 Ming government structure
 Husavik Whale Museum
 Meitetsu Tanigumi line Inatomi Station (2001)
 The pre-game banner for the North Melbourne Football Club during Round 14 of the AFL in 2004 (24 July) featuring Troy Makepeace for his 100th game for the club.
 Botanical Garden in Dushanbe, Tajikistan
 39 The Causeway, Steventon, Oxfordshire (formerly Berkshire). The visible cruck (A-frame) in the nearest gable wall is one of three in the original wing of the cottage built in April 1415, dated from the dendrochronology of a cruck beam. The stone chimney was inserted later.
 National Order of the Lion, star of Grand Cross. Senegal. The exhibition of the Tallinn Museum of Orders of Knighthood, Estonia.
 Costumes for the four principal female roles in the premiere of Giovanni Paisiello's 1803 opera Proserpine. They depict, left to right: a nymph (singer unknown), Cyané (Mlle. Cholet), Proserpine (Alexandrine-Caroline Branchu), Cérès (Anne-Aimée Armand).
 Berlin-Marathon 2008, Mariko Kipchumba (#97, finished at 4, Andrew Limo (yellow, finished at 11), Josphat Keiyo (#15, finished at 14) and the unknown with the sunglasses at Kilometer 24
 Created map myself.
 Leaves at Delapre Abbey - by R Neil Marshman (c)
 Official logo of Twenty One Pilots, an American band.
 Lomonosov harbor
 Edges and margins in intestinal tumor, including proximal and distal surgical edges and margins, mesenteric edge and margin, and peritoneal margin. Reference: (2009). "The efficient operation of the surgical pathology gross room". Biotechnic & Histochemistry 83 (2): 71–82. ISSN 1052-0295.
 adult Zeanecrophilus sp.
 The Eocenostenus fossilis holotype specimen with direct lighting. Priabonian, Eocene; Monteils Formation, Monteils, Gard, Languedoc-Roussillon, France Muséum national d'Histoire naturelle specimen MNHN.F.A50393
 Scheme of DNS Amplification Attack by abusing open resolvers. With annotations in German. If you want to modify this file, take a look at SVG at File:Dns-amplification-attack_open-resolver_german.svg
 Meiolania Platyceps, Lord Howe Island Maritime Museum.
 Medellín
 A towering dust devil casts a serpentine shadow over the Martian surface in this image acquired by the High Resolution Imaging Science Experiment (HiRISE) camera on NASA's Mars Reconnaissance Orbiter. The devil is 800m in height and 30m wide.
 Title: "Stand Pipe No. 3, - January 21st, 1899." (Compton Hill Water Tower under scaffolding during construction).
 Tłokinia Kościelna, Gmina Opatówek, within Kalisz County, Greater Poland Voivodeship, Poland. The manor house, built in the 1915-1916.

_PROBLEM DETAILS_
Take the line that contains "A towering dust" and each line after it down to the last of the records, and retype them exactly; add nothing else.

_OUTPUT OF THE TASK_
 A towering dust devil casts a serpentine shadow over the Martian surface in this image acquired by the High Resolution Imaging Science Experiment (HiRISE) camera on NASA's Mars Reconnaissance Orbiter. The devil is 800m in height and 30m wide.
 Title: "Stand Pipe No. 3, - January 21st, 1899." (Compton Hill Water Tower under scaffolding during construction).
 Tłokinia Kościelna, Gmina Opatówek, within Kalisz County, Greater Poland Voivodeship, Poland. The manor house, built in the 1915-1916.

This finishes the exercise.